La gran extensión de las provincias andaluzas y su importancia desde el punto de vista del tráfico ha requerido que los desplazamientos a aquella región por parte de efectivos del Servicio de Helicópteros hayan sido continuos desde su propia creación.
A pesar de la multitud de requerimientos, la escasez de medios disponibles no propició el asentamiento de la patrulla con carácter fijo hasta el año 1971, en que se adquiere otro Alouette II y cuatro Bell 47 G-2A, creándose a partir del verano de este año la Patrulla Andaluza. Su base se ubicó en el Aeroclub de Sevilla, instalado en el Aeródromo de Tablada, cercano a la capital hispalense.Los primeros pilotos de esta Patrulla fueron José Pasquín, Rafael Martín y Jiménez-Carlés (Capitán de la Policía Armada). El mecánico fue Diego Barrientos.

Se prestaba cobertura a las provincias de Huelva, Sevilla, Málaga, Cádiz y parte de la Ruta de la Plata de Badajoz, hasta el pueblo onubense de Santa Olalla.

Al cabo de tres años de compartir las instalaciones civiles, se desplazaron a la Base Militar de El Copero, próxima a la localidad de Dos Hermanas y con una mejor conexión con la Jefatura Provincial de Tráfico. Sin embargo, tras los sucesos acaecidos en el otoño de 1975 en el Sahara Español que culminaron con la Marcha Verde hacia el territorio saharaui y la posterior retirada española de aquellos territorios, las unidades de helicópteros de las FAMET fueron basadas precisamente en El Copero (actualmente se mantiene el Batallón de Helicópteros IV dotado con Super Puma).
La falta de espacio obligó a la Patrulla de Tráfico a mudar los enseres nuevamente. Otra vez el destino elegido fue el Aeródromo de Tablada, donde permanecieron hasta que la decisión del Cuartel General del Aire de cerrar el mismo, unido a los problemas de dotación de personal a la Patrulla, trajo como consecuencia el cese de sus operaciones hasta el año 1992.La precariedad de medios era la nota predominante en la Patrulla. Como anécdota, señalar que Diego (el mecánico) realizaba labores de fotógrafo en los vuelos, revelando los negativos en un rústico laboratorio instalado en su domicilio.

 

Los integrantes de la primera Patrulla Sevillana: José Pasquín, Rafael Martín y Diego Barrientos.

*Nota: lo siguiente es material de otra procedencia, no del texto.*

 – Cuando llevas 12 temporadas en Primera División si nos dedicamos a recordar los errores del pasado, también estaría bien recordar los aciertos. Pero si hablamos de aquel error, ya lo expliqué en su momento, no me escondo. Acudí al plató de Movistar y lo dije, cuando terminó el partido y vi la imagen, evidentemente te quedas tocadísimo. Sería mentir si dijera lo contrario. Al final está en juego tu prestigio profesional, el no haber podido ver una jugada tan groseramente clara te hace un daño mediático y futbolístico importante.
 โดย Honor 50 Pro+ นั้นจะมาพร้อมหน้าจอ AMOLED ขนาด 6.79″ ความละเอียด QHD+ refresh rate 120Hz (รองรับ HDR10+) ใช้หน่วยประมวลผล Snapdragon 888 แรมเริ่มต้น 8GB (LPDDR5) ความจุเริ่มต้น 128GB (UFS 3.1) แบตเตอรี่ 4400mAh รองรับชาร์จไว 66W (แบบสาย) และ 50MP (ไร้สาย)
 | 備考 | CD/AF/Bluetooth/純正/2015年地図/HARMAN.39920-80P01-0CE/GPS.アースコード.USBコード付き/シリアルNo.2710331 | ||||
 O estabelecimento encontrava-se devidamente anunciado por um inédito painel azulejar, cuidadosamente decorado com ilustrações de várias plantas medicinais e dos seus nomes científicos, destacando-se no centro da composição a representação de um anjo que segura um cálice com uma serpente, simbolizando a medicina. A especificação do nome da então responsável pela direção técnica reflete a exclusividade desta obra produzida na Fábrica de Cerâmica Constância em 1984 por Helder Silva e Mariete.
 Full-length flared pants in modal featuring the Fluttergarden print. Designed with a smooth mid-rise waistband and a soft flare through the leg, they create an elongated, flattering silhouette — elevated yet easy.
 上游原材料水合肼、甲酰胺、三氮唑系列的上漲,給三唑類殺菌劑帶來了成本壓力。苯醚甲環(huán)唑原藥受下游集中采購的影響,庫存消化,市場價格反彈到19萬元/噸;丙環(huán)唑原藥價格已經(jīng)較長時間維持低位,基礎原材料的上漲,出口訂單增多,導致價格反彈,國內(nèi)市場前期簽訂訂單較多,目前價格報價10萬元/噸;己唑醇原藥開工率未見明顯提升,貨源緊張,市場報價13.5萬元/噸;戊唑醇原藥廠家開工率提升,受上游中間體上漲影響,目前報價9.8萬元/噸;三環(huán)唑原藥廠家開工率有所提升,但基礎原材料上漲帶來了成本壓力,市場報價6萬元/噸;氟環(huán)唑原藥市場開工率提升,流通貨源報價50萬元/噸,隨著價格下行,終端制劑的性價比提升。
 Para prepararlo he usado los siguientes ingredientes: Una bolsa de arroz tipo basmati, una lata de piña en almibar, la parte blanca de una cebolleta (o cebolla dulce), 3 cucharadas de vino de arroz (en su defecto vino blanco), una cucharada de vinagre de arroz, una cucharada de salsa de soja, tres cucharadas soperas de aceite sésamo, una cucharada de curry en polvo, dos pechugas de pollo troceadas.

La Patrulla participó en eventos de resonancia nacional. El 21 de julio de 1972, se produce en la localidad sevillana de Lebrija un accidente ferroviario en el que colisionan dos trenes con un balance final de 80 muertos y más de 120 heridos. El helicóptero participó activamente en el traslado de los heridos más graves durante horas.

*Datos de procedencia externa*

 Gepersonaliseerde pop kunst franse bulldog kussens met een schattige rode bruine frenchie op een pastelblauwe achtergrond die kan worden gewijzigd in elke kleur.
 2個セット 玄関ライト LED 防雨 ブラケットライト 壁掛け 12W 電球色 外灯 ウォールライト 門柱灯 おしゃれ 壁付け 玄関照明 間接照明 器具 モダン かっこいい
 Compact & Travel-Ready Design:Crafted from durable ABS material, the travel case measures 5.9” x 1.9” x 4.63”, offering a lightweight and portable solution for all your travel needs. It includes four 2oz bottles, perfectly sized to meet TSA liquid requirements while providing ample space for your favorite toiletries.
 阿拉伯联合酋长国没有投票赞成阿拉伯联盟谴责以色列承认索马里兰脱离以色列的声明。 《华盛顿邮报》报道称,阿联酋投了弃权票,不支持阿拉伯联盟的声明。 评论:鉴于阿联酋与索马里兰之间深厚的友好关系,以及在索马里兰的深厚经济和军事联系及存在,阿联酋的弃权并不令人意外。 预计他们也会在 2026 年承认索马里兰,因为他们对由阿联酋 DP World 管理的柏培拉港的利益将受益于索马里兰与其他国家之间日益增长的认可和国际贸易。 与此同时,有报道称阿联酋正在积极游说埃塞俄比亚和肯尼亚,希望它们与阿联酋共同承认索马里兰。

En marzo de 1973, se produjo la espectacular persecución de Eleuterio Sánchez (el Lute) y sus hermanos Manuel y Raimundo, quienes finalmente consiguieron despistar a sus perseguidores en un pinar de Alcalá de Guadaira, donde era prácticamente imposible descender con el helicóptero. Finalmente, “el Lute” sería detenido en Sevilla el 2 de junio.

La actividad de la base andaluza se suspendió entre 1980 y 1992 por razones de indisponibilidad de personal.

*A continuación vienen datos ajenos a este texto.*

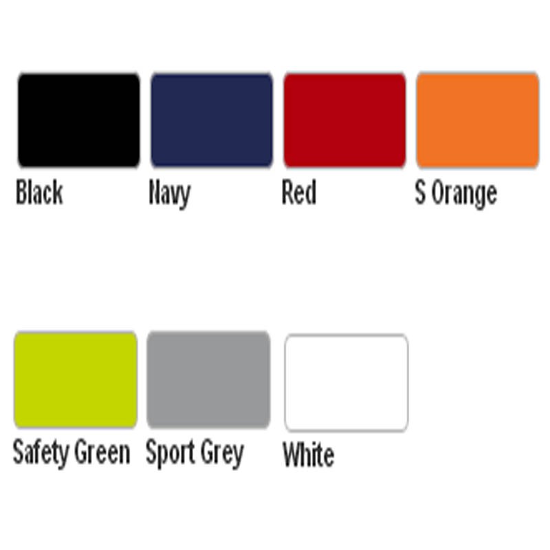 Sport Grey is 90/10 cotton/poly; Safety (Green & Orange) are 50/50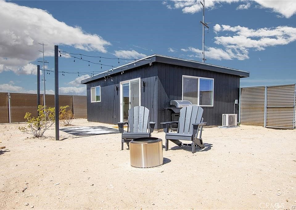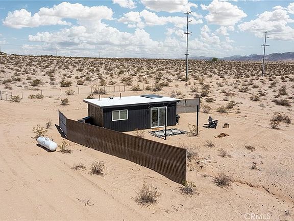 Exquisitely Re-Designed Cabin: Every aspect of this historic Homesteader Cabin has been newly upgraded and updated. Solar-powered & hauled-water – 100% off the grid. Views of entire basin – serene sunrises and sunsets. Rural location, yet only minutes to downtown 29 Palms and its assortment of restaurants. Great weekend getaway. Ductless mini-split for heating/cooling, on-demand water heater, new fridge, new stove – every part of the cabin is new except for the framing – new windows, flooring, exterior siding, roofing, newly built and designed bathroom, bedroom & kitchen – the works! NOTE: this property is zoned Recreational Cabin (not Single Family Residential) and therefore cannot be used as an Airbnb because the County does not permit Rec Cabins as Vacation Rentals. Purchase is Cash Only - no conventional loans - or Seller Carry with following possible terms: $42k Down Payment, remaining $98k principal financed @ 10% and amortized over 30 years at approx $790.00 per month, Balloon Payment Due in 5 years. Text listing agent for map pin to reach property, or use APN: 0633-311-08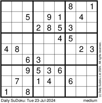 The Daily SuDoku: Tue 23-Jul-2024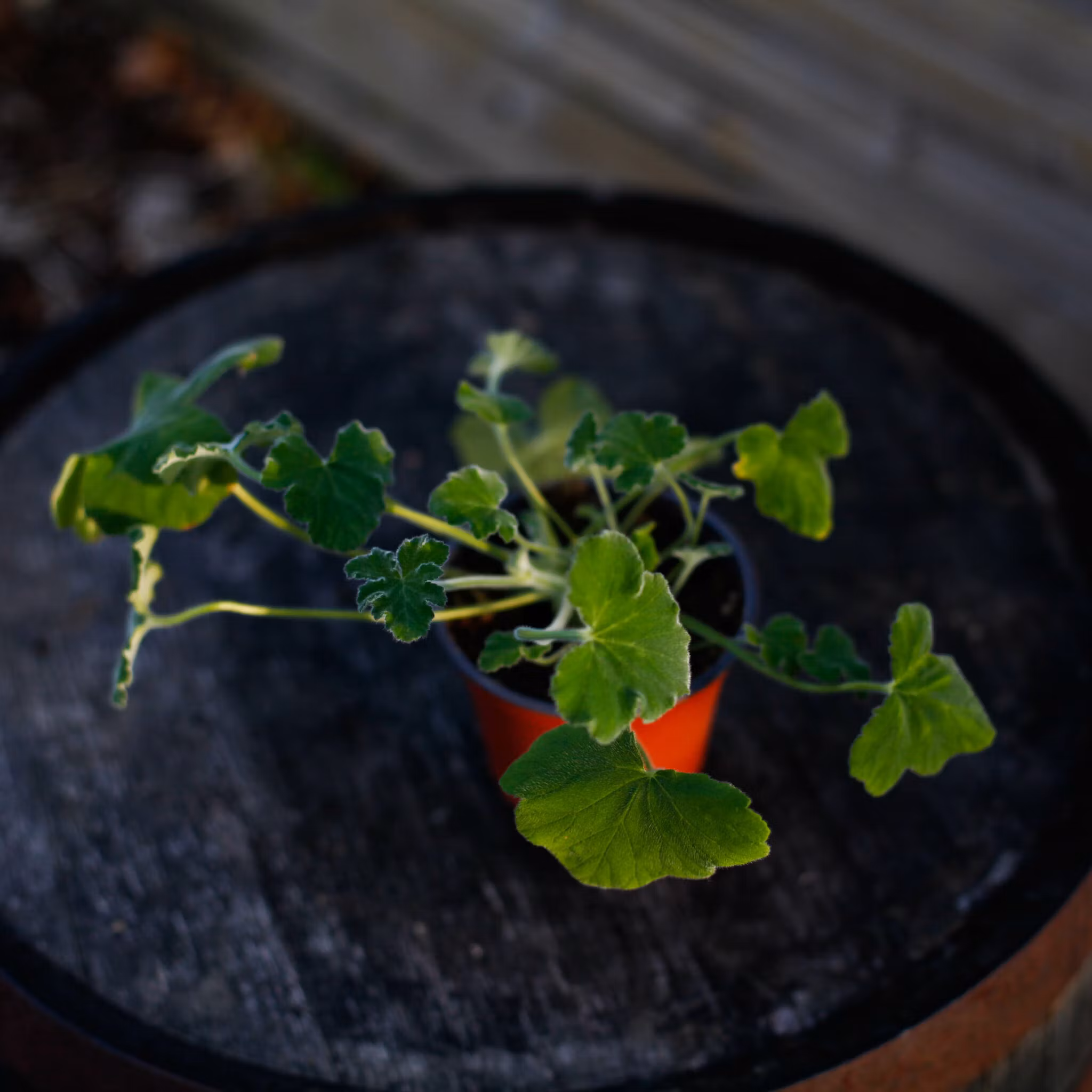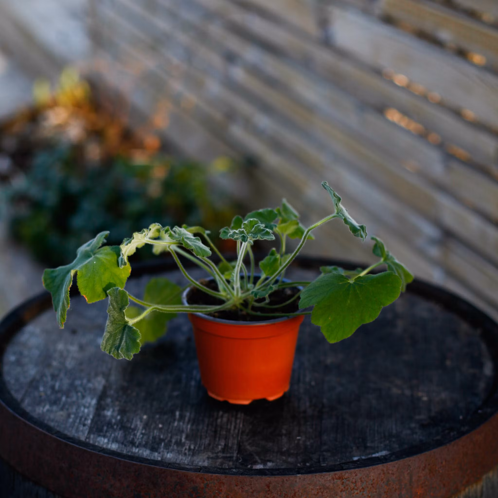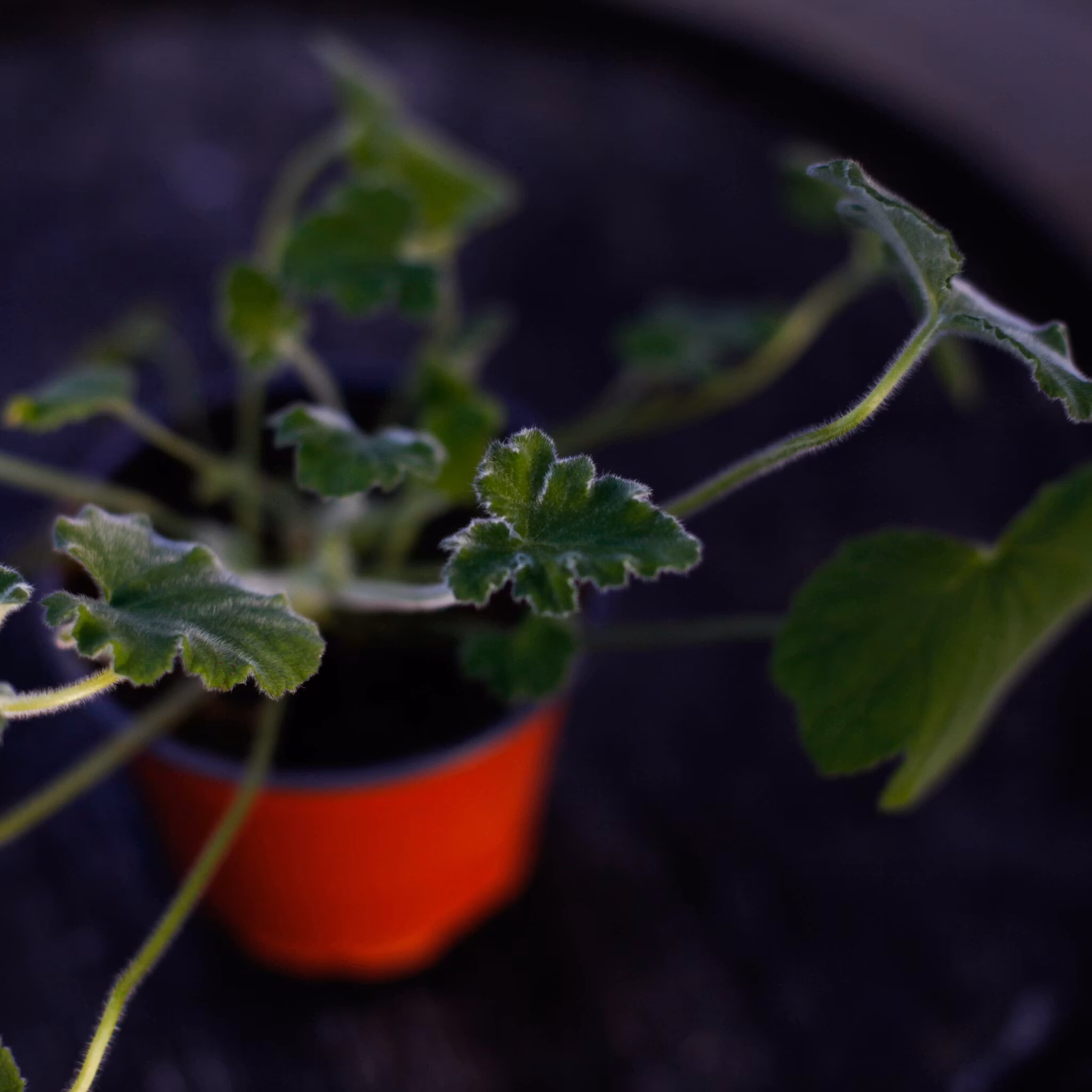 Ljus: Pelargonium tomentosum trivs bäst i halvskugga till lätt sol. Placera den gärna i ett ljust fönster eller på en skuggig plats utomhus för att undvika att bladen bränns av stark sol.

Las actuaciones sobre las carreteras andaluzas (principalmente la N-340 y la N-IV) se realizaban desde la base central en Madrid; principalmente, en verano y en ocasiones especiales que originan grandes migraciones concentradas geográficamente (Semana Santa, romerías del Rocío, de Santa María de la Cabeza, entre otras). A finales de los ochenta se vio la necesidad de volver a iniciar las actividades desde Sevilla como centro de operación.

En la Base de El Copero

El nuevo y definitivo intento de constitución de la Patrulla de Sevilla tuvo lugar eligiendo como destino para sus instalaciones la zona militar del Aeropuerto de San Pablo, donde la Dirección General de Tráfico construyó el hangar que actualmente ocupa la Patrulla.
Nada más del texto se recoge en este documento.